# Transportation



## ITS x MEE (Sep 10, 2010)

Hi friends

It's been 3 months I have been to Dubai,Currently I don't have any vehicle , so for time being I have to depend upon local transportation .


Is there any site,were I can get information abt RTA bus,dubai metro timing's and route.???.

I stay in Dubai International City,daily I see only 2 buses here 365 and X23. I wanna visit places like dubai mall,Jumeirah Mosque,Dubai Creek,Dubai Beaches and more..... Could anyone tell me about bus information which could help me reach at these places


Thank You.


----------



## dizzyizzy (Mar 30, 2008)

A very simple Google search seems to produce the following result....

RTA Portal - Home


----------



## ITS x MEE (Sep 10, 2010)

Well I tried google search and I saw few results showing RTA informations and about there travel planner.


I am not able to find timetables for bus,dubai.


----------



## xabiaxica (Jun 23, 2009)

ITS x MEE said:


> Well I tried google search and I saw few results showing RTA informations and about there travel planner.
> 
> 
> I am not able to find timetables for bus,dubai.


what about this part of the website dizzyizzy gave you?

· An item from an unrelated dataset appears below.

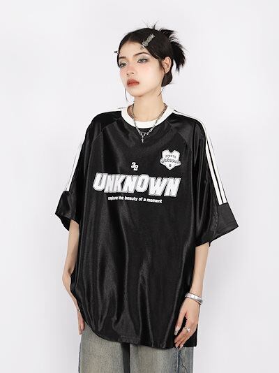 2024夏 韓国可愛い風トップス Tシャツ ファッション 半袖 スリムフィット サイド ペイントシルエット ゆったり丈 休日レディースサイズ韓国Vネック おしゃれ カジュアル メンズライク T | koookooo

Roads & Transport Authority


----------



## dizzyizzy (Mar 30, 2008)

ITS, there is no downloadable time table, you have to enter your departure point to get the information of the routes and destinations, but it's all there...


----------



## ITS x MEE (Sep 10, 2010)

Thank U for the info


----------



## dizzyizzy (Mar 30, 2008)

You're welcome, happy travels


----------